AN urgent investigation has been launched into why Inverclyde has become the 'coronavirus capital' of Scotland.

The expert probe — ordered by local authority leader Stephen McCabe — is seen as vital in getting to the root of how the district has by far the highest COVID-19 death rate in country.

During the crisis, official statistics have shown that people in the district are dying of the disease at nearly three times the national average.

Links have already been made between coronavirus deaths and poverty, poor health and elderly people being most at risk.

But it is thought that other factors have played a part contributing to the district's devastating death toll which, as of last Wednesday, stood at 106 lives lost to the virus from a population of just 78,000.

Councillor McCabe commissioned the report at a meeting of the policy and resources executive sub-committee and it is due to be delivered next month.

He said: "It is vital we try to establish why the impact on Inverclyde of COVID-19 has been so great and why we appear to have been hit earlier than most other areas of Scotland.

"The underlying health and age profile of our population will undoubtedly have been factors but these alone don't appear to explain why Inverclyde has been such an outlier in the Scottish statistics.

"Our community is rightly looking for answers.

"We need to know if the public health response to the early cases of the virus in Inverclyde was the right one and if the strategy for managing the virus both at a national and local level has been appropriate.

"If mistakes have been made we need to learn from them so that residents in Inverclyde and other parts of Scotland are not as vulnerable to any future waves of this deadly virus."

Data released earlier this year from the Scottish Index of Multiple Deprivation (SIMD) revealed that central Greenock is now officially the most deprived area in Scotland and Inverclyde has a higher than average pensioner population.

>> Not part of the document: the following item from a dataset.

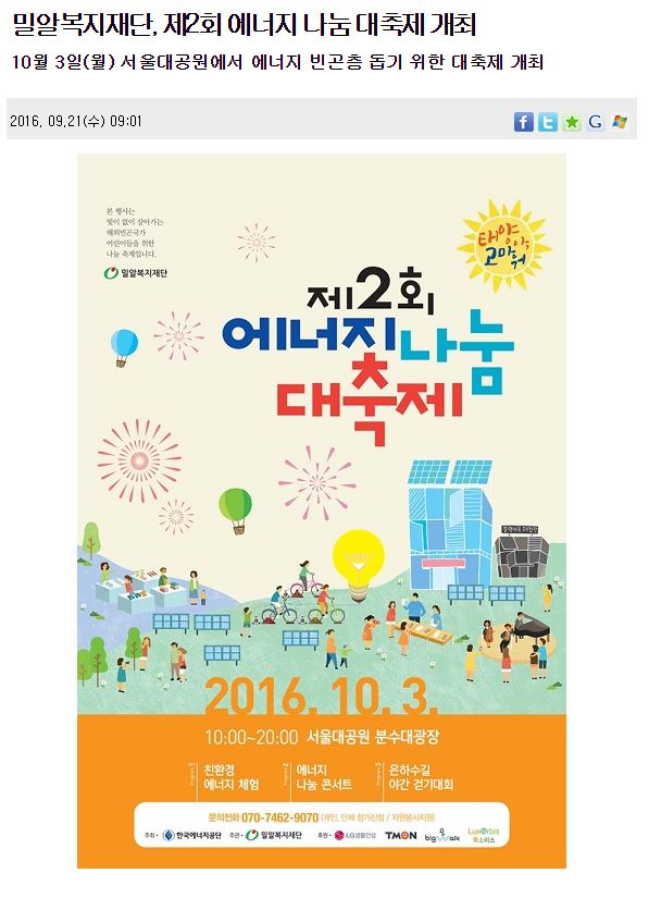 [뉴스타운] 밀알복지재단, 제2회 에너지 나눔 대축제 개최
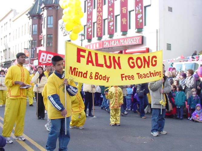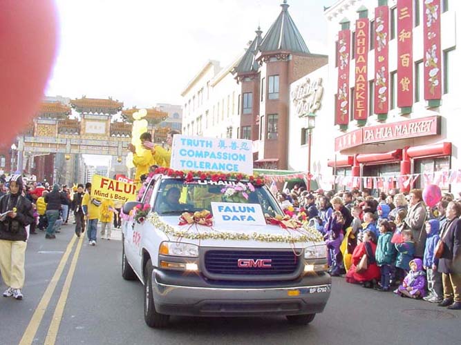 游行的队伍中,法轮功学员及明慧学校的队伍声势浩大。在弟子精心布置的花车上,有西方学员和小弟子们不断地展示五套功法。整齐的队伍及祥和的音乐又一次把‘真善忍’带给了华府大众。我们数位年轻女弟子,被主办单位特别邀请,身着各朝服装,走在游行队的前端,成为镁光灯的焦点。次日报纸还特别提及。

It has also been suggested that a lack of lockdown discipline in the early stages of the public health response to the virus may also have contributed to terrible effect it has had on Inverclyde.

In one incident, riot police swooped on a disturbance at Cheers bar on West Stewart Street in March after it remained open in defiance of government guidelines for all pubs and restaurants to close.

The council said afterwards that it was 'appalling that someone would ignore the national guidance and put lives at risk'.

Councillor McCabe said: "Looking at the Inverclyde curve, it would suggest it peaked earlier than elsewhere in Scotland, so it could be that we had outbreaks earlier than other parts of the country."

The coronavirus investigation findings are expected to go before the next meeting of the policy and resources executive sub-committee on June 2, although this is yet to be confirmed.

Members agreed that a report be submitted 'providing an analysis of the deaths registered in Inverclyde, this analysis to include, if possible, data such as age, underlying health conditions and SIMD factors'.

The council and Inverclyde Health & Social Care Partnership have been working with Public Health Scotland, National Records of Scotland and NHS Greater Glasgow & Clyde to produce it.